Public sector banks are bleeding today - swept over by changes and stiff competition. They have to get their act together on ironing out critical problems, or the government stands to lose its cardinal lifeline to development. While non-performing assets (NPAs) are just the tip of the iceberg, the real crisis lies in a clear lack of leadership, talent, culture, strategy and capability in public sector banks.
Ravi Venkatesan, chairman of the Bank of Baroda, has identified three major challenges facing PSU banks, today:
1. Inability to attract talent: PSU banks are unable to hire the best talent in the market – thanks to an obsolete compensation and promotion policy. There is no great encouragement for meritocracy or for developing specialised talent. Consider this: “the chairperson of India’s largest and extraordinarily well run State Bank of India makes less than a tenth of her private sector counterparts.”

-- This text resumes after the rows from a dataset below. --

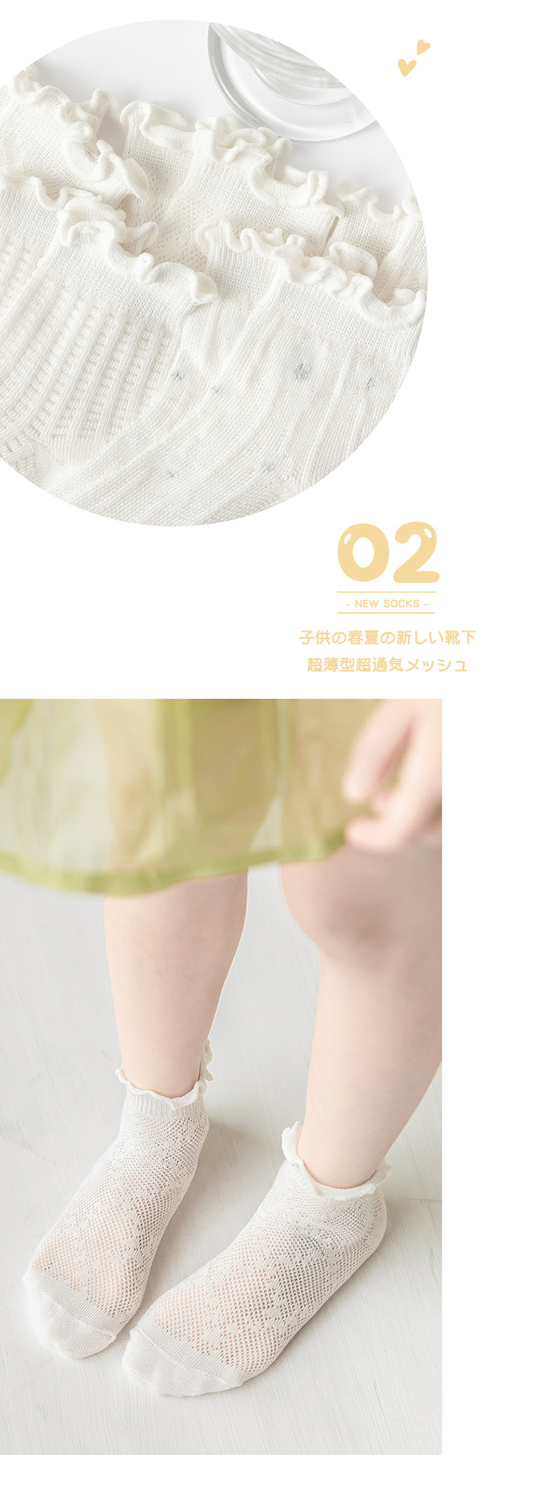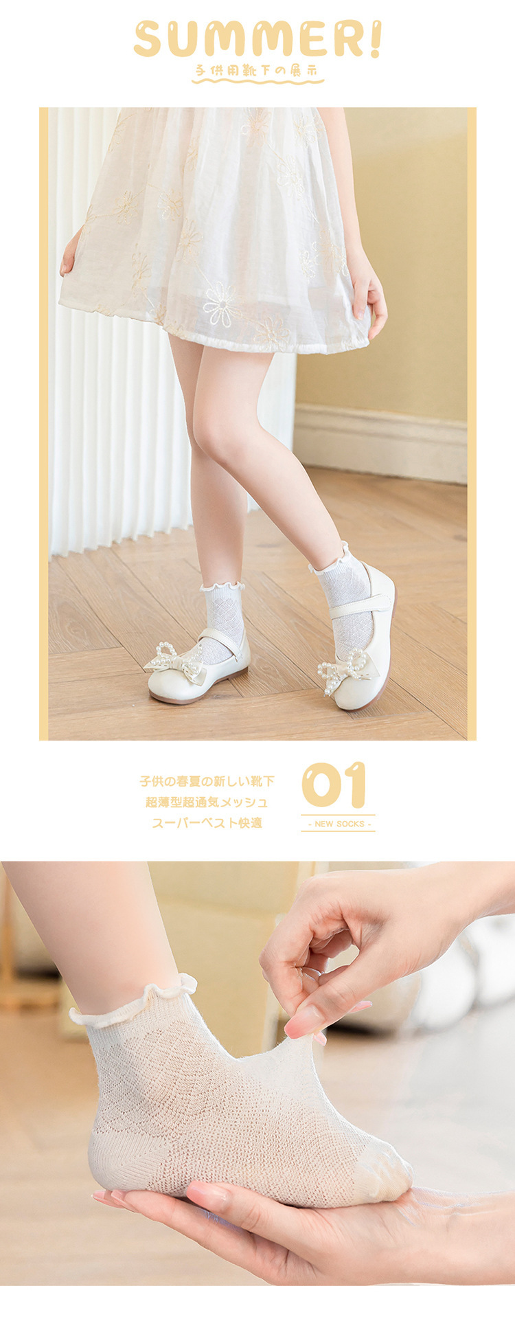 초박형 어린이 양말 봄과 여름 메쉬 나무 귀 통기성 어린이 양말 짧은 얇은 양말 소녀 양말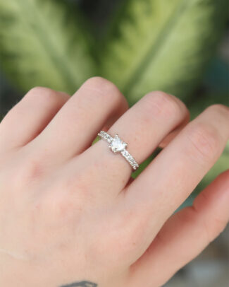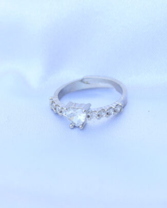 Pirinç Gümüş Renk Zirkon Taşlı Kalpli Model Ayarlanabilir Yüzük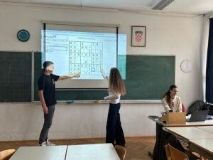 O izazovima umjetne inteligencije u području jezika govorile su učenice 2.c razreda Maja Dragobratović i Renea Marković u prezentaciji koju su izradile pod mentorstvom prof. Martine Pačić. Prof. Marija Tomić Veraja s učenicama 3.c razreda Nikom Pažin i Laurom Šaravanjom pripremila je izazovan Kahoot kviz prepoznavanja poezije koju je napisao AI ili poznati svjetski i hrvatski pjesnici. A ocjenu o tome tko je napisao bolju haiku pjesmu na temu proljeća – naši učenici ili AI, prepuštamo našim profesoricama hrvatskog jezika.
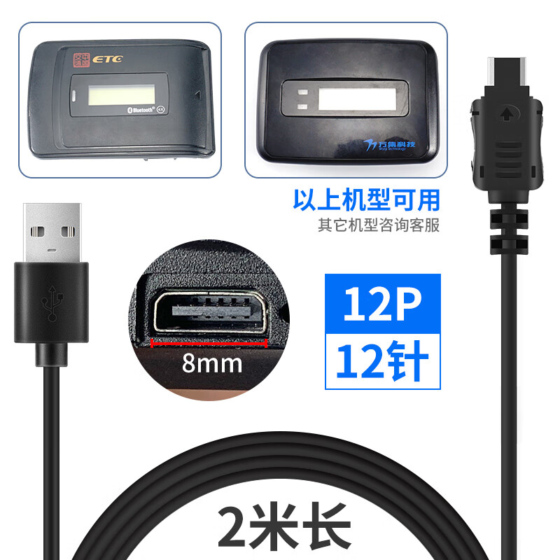 Degalen ETC equipment charging cable, vehicle-mounted high-speed etc emergency charging cable, car-specific data cable, 12-pin, 2 meters long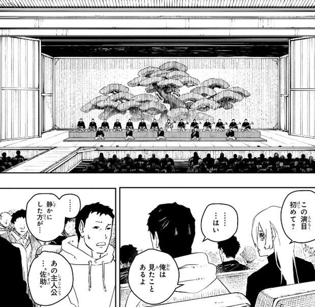 演劇の劇場に入った昼彦は、漆羽は仙沓寺の刺客に任せて楽しもうと考え、隣の客に話しかけます。この演目の主人公“佐助”は、物語の最後に黒鬼を退治し、家族を取り戻し島は平和になる、と勝手に隣の客に物語のあらすじを話し始めます。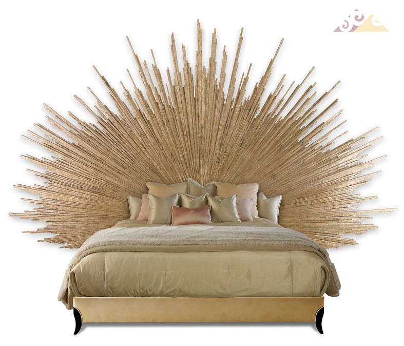 Высота:217 смЯркая и стильная модель кровати. Уникальное изголовье выполнено в виде лучей солнца. Применяется техника резьбы по дереву, бронзо - золотистое покрытие инсталляции. Модель обтянута мягким текстилем и кожей набук по периметру основания. Ножки изготовлены из красного дерева махагон. Полированные и покрытые лаком поверхности.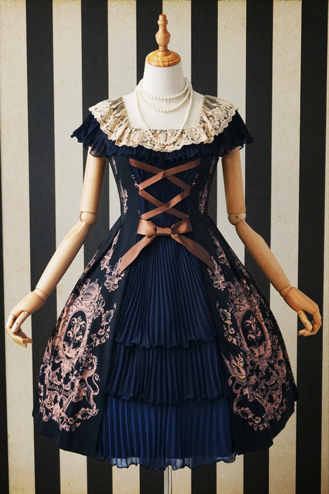 带有品牌标志的经典印花,蕾丝将肩部和胸口华丽装点。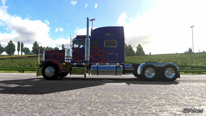 昨天发了一个类似的MOD,结果原作者制作有问题玩不了,受此启发,我自己试着利用既有的彼得389制作一款擎天柱的车头皮肤,由于技术有限,不一定完全真实达到完美,先放图看看效果
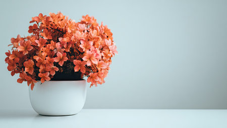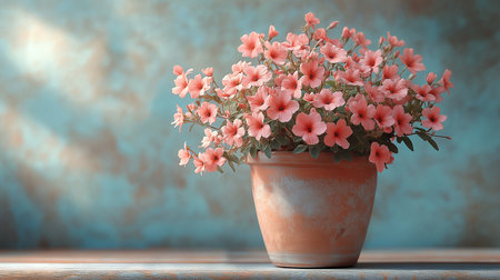 This captivating image features vibrant red flowers in a terracotta pot, set against a soft peach wall, perfect for enhancing home decor and bringing warmth to any space.

2. Technological disruption: Banking sector requires IT expertise so much more now as the world’s top banks are competing with IT giants to hire the best talents in physics, mathematics and science. Areas like big data, analytics and real-time monitoring have taken off in a big way. Besides, new fin-tech will soon render business model of many banks unviable.
3. Governance: Bank boards lack the authority to hire directors, who can bring the much-needed expertise or perspective, leading to bad governance. Boards do not appoint the managing director or the executive directors, nor do they have the authority to incentivise or manage performance or terminate management. In the absence of a clear authority, there is a risk of bank managing directors getting orders from more than one quarter like parliamentarians, RBI, the finance ministry and Bank Board Bureau.
Some of the solutions suggested by the author to bring about a transformation in public sector banks, and to rein in their rapidly plummeting market share are – a monumental upgrade of the talent pool as well as technology along with better compensation, room for enterprise and merit-based promotion policies.